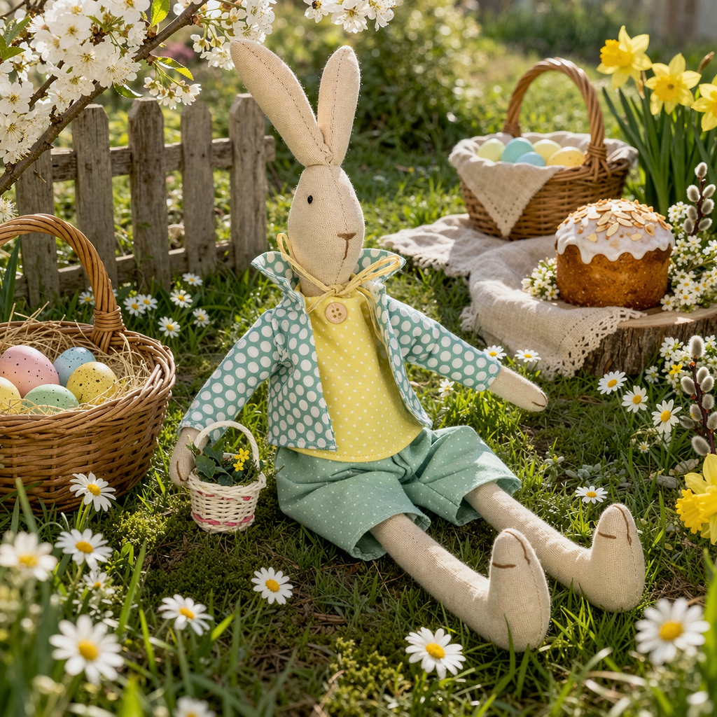 Látkové veľkonočné zajačiky ako tento roztomilý zajačik s oblečením tvoria nádhernú veľkonočnú dekoráciu!
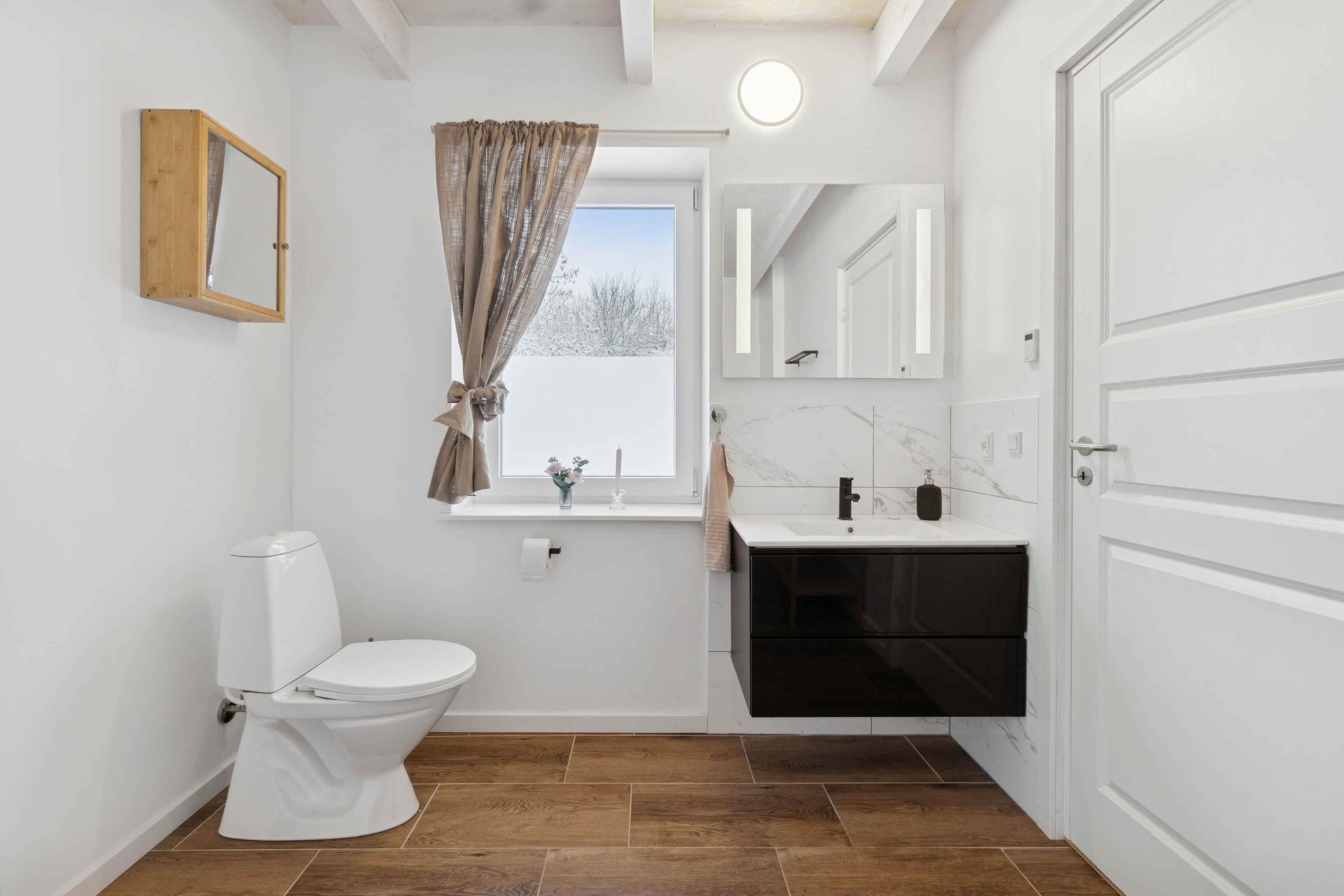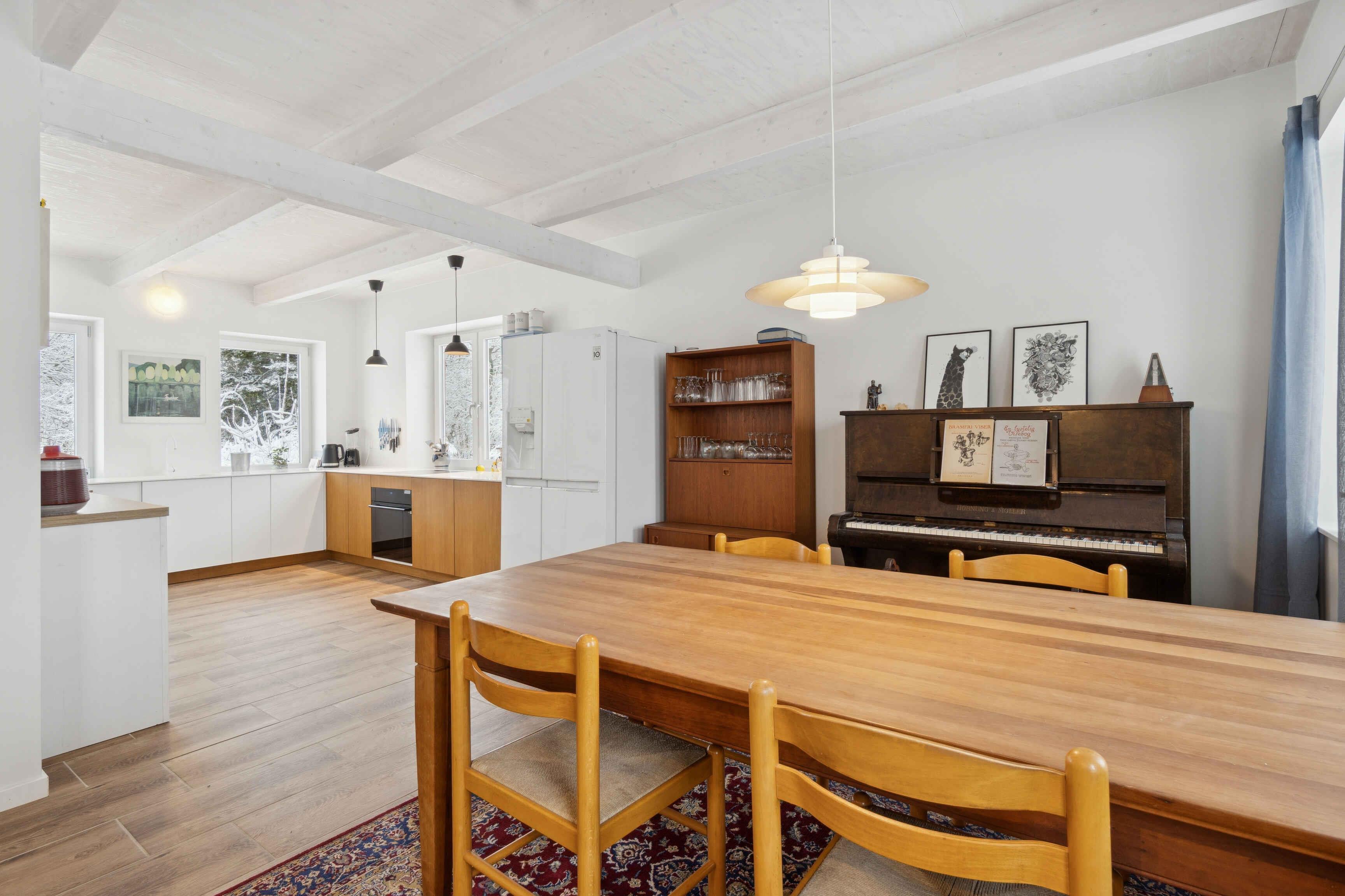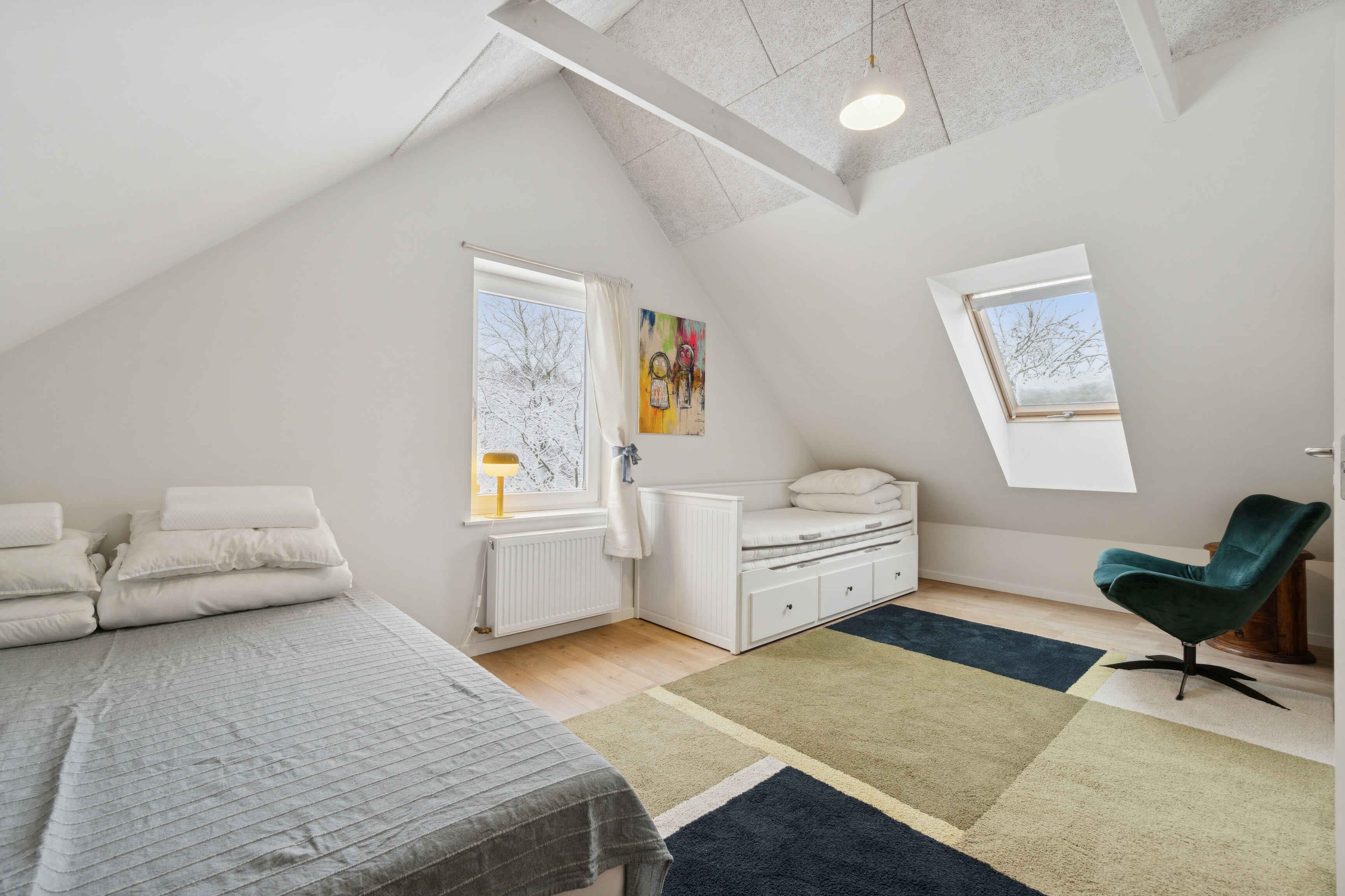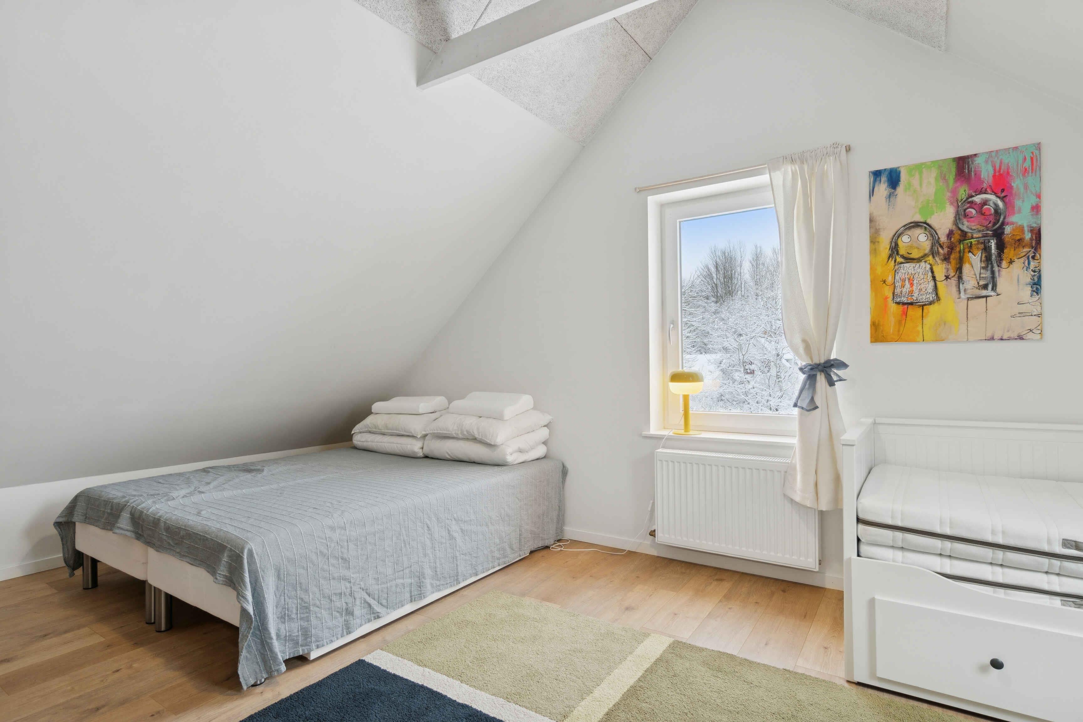 Dette charmerende fritidshus ligger i fredelige omgivelser tæt på Østermarie og er perfekt til familier og større grupper. Huset er på 162 m² fordelt over to plan og ligger på en stor, ugeneret grund på 5.000 m² med både have og skov – ideelt til leg, afslapning og privatliv. Boligen har tre soveværelser med op til 10 sengepladser samt to badeværelser, hvilket gør huset velegnet til flere familier. Bryggerset med vaskemaskine og tørretumbler gør ferien nem, og gulvvarmen i hele huset sikrer behagelig temperatur året rundt. Køkken-alrummet er husets hjerte og et naturligt samlingspunkt for madlavning, brætspil og hyggelige aftener. Stuen byder på legetøj til de mindste, klaver til fællessang og en stor pladesamling, så både børn og voksne kan nyde hyggestunder. Køkkenet er fuldt udstyret med opvaskemaskine og stort amerikansk køle- og fryseskab med isterninger og koldt drikkevand. Husets repos giver ekstra muligheder for afslapning og underholdning – her kan man se DVD, spille på PlayStation eller tilslutte sin computer via HDMI, så alle aldre kan nyde tid for sig selv eller sammen. Udendørs indbyder den store have og de grønne omgivelser til måltider under åben himmel, afslapning i solen eller stille stunder i skovkanten. Ejendommen har grill, bålsted, udendørs legetøj, havestole og solsenge, så udelivet let bliver en del af ferien. Huset ligger i et roligt område med gode vandre- og cykelmuligheder - kun 1 km fra Østermarie, hvor der ligger en velassorteret dagligvareforretning. Trods den landlige beliggenhed er der kun ca. 6 km til badestrande og de charmerende havnebyer Svaneke og Gudhjem med restauranter, kulturhuse, glaspusteri, biograf og svømmehal. Bornholms klipper, gårdbutikker og små kulturoplevelser nås hurtigt, og området byder også på lystfiskeri, naturfotografering og aktive udendørsoplevelser. Huset er røgfrit og husdyr er ikke tilladt, hvilket sikrer et rent og allergivenligt indeklima. Det rolige tempo gør det nemt at finde feriestemningen, samtidig med at øens attraktioner er let tilgængelige. Alt i alt er sommerhuset et oplagt valg for feriegæster, der ønsker rummelige, komfortable rammer i naturskønne omgivelser – en feriebolig med plads til nærvær, ro og oplevelser.
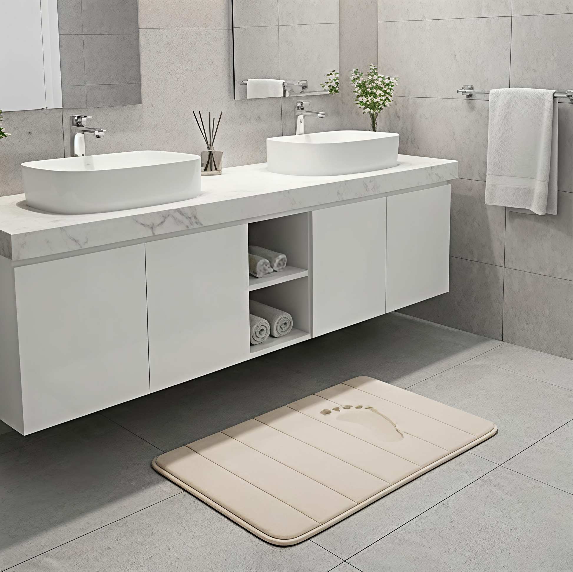 Experience the ultimate post-shower luxury with our Soft Memory Foam Bath Mat. Designed to blend sleek, minimalist aesthetics with high-performance functionality, this mat turns your bathroom into a private spa sanctuary.
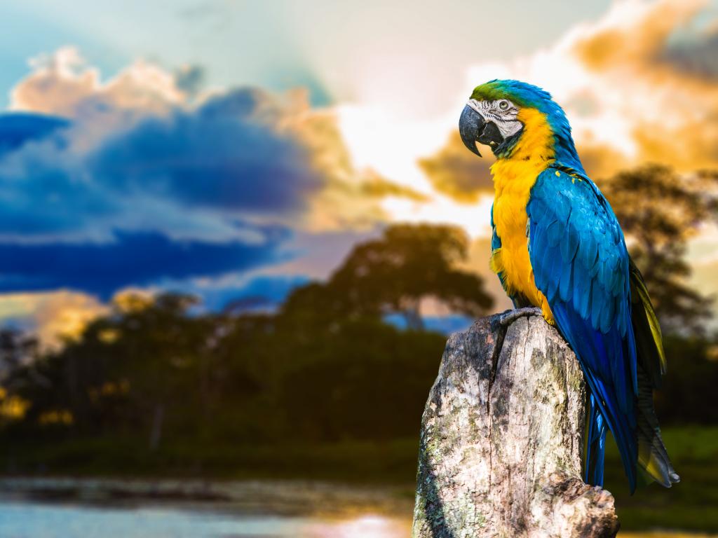 Обои Большой сине - желтый попугай ара сидит на сухом дереве

REQUIRED WORK →
Leave the images out and give the rest of the data again exactly.

RESPONSE TO THIS TASK →
 Látkové veľkonočné zajačiky ako tento roztomilý zajačik s oblečením tvoria nádhernú veľkonočnú dekoráciu!
 Dette charmerende fritidshus ligger i fredelige omgivelser tæt på Østermarie og er perfekt til familier og større grupper. Huset er på 162 m² fordelt over to plan og ligger på en stor, ugeneret grund på 5.000 m² med både have og skov – ideelt til leg, afslapning og privatliv. Boligen har tre soveværelser med op til 10 sengepladser samt to badeværelser, hvilket gør huset velegnet til flere familier. Bryggerset med vaskemaskine og tørretumbler gør ferien nem, og gulvvarmen i hele huset sikrer behagelig temperatur året rundt. Køkken-alrummet er husets hjerte og et naturligt samlingspunkt for madlavning, brætspil og hyggelige aftener. Stuen byder på legetøj til de mindste, klaver til fællessang og en stor pladesamling, så både børn og voksne kan nyde hyggestunder. Køkkenet er fuldt udstyret med opvaskemaskine og stort amerikansk køle- og fryseskab med isterninger og koldt drikkevand. Husets repos giver ekstra muligheder for afslapning og underholdning – her kan man se DVD, spille på PlayStation eller tilslutte sin computer via HDMI, så alle aldre kan nyde tid for sig selv eller sammen. Udendørs indbyder den store have og de grønne omgivelser til måltider under åben himmel, afslapning i solen eller stille stunder i skovkanten. Ejendommen har grill, bålsted, udendørs legetøj, havestole og solsenge, så udelivet let bliver en del af ferien. Huset ligger i et roligt område med gode vandre- og cykelmuligheder - kun 1 km fra Østermarie, hvor der ligger en velassorteret dagligvareforretning. Trods den landlige beliggenhed er der kun ca. 6 km til badestrande og de charmerende havnebyer Svaneke og Gudhjem med restauranter, kulturhuse, glaspusteri, biograf og svømmehal. Bornholms klipper, gårdbutikker og små kulturoplevelser nås hurtigt, og området byder også på lystfiskeri, naturfotografering og aktive udendørsoplevelser. Huset er røgfrit og husdyr er ikke tilladt, hvilket sikrer et rent og allergivenligt indeklima. Det rolige tempo gør det nemt at finde feriestemningen, samtidig med at øens attraktioner er let tilgængelige. Alt i alt er sommerhuset et oplagt valg for feriegæster, der ønsker rummelige, komfortable rammer i naturskønne omgivelser – en feriebolig med plads til nærvær, ro og oplevelser.
 Experience the ultimate post-shower luxury with our Soft Memory Foam Bath Mat. Designed to blend sleek, minimalist aesthetics with high-performance functionality, this mat turns your bathroom into a private spa sanctuary.
 Обои Большой сине - желтый попугай ара сидит на сухом дереве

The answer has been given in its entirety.